机器学习进阶笔记之五 | 深入理解VGG\Residual Network

引言

TensorFlow是Google基于DistBelief进行研发的第二代人工智能学习系统,被广泛用于语音识别或图像识别等多项机器深度学习领域。其命名来源于本身的运行原理。Tensor(张量)意味着N维数组,Flow(流)意味着基于数据流图的计算,TensorFlow代表着张量从图象的一端流动到另一端计算过程,是将复杂的数据结构传输至人工智能神经网中进行分析和处理的过程。

TensorFlow完全开源,任何人都可以使用。可在小到一部智能手机、大到数千台数据中心服务器的各种设备上运行。

『机器学习进阶笔记』系列将深入解析TensorFlow系统的技术实践,从零开始,由浅入深,与大家一起走上机器学习的进阶之路。

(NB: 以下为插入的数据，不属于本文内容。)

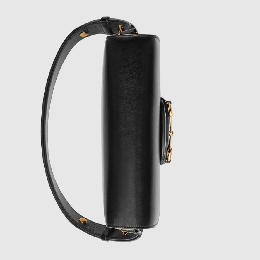 アーカイブデザインを再解釈した〔グッチ ホースビット 1955〕バッグが最新コレクションに登場。60年以上前の誕生時と同じラインやフォルムを取り入れながら、オリジナルのディテールに現代的なスピリットを加え、ホースビットを際立たせています。ダブルリングとバーで構成されたこのモチーフはブランドのルーツを物語るもので、乗馬の世界から取り入れたグッチのシンボルの中でも最も代表的なエレメントのひとつとなっています。このショルダーバッグでは小さなフラップにホースビットをあしらい、ブラックのテクスチャードレザーと印象的に組み合わせました。ショルダーストラップは長さを調節できるため、ショルダーバッグとクロスボディバッグのツーウェイでお使いいただけます。

今天的文章是关于 VGG 和 Deep Residual 的两篇Paper解读。

VGGnet

VGG解读

VGGnet是Oxford的Visual Geometry Group的team,在ILSVRC 2014上的相关工作,主要工作是证明了增加网络的深度能够在一定程度上影响网络最终的性能,如下图,文章通过逐步增加网络深度来提高性能,虽然看起来有一点小暴力,没有特别多取巧的,但是确实有效,很多pretrained的方法就是使用VGG的model(主要是16和19),VGG相对其他的方法,参数空间很大,最终的model有500多m,alnext只有200m,googlenet更少,所以train一个vgg模型通常要花费更长的时间,所幸有公开的pretrained model让我们很方便的使用,前面neural style这篇文章就使用的pretrained的model,paper中的几种模型如下:

可以从图中看出,从A到最后的E,他们增加的是每一个卷积组中的卷积层数,最后D,E是我们常见的VGG-16,VGG-19模型,C中作者说明,在引入1*1是考虑做线性变换(这里channel一致, 不做降维),后面在最终数据的分析上来看C相对于B确实有一定程度的提升,但不如D、VGG主要得优势在于

  • 减少参数的措施,对于一组(假定3个,paper里面只stack of three 3*3)卷积相对于7*7在使用3层的非线性关系(3层RELU)的同时保证参数数量为3*(3^2C^2)=27C^2的,而7*7为49C^2,参数约为7*7的81%。
  • 去掉了LRN,减少了内存的小消耗和计算时间


VGG-16 tflearn实现

tflearn 官方github上有给出基于tflearn下的VGG-16的实现
from future import division, print_function, absolute_import

 import tflearn
 from tflearn.layers.core import input_data, dropout, fully_connected
 from tflearn.layers.conv import conv_2d, max_pool_2d
 from tflearn.layers.estimator import regression

 # Data loading and preprocessing
 import tflearn.datasets.oxflower17 as oxflower17
 X, Y = oxflower17.load_data(one_hot=True)

 # Building 'VGG Network'
 network = input_data(shape=[None, 224, 224, 3])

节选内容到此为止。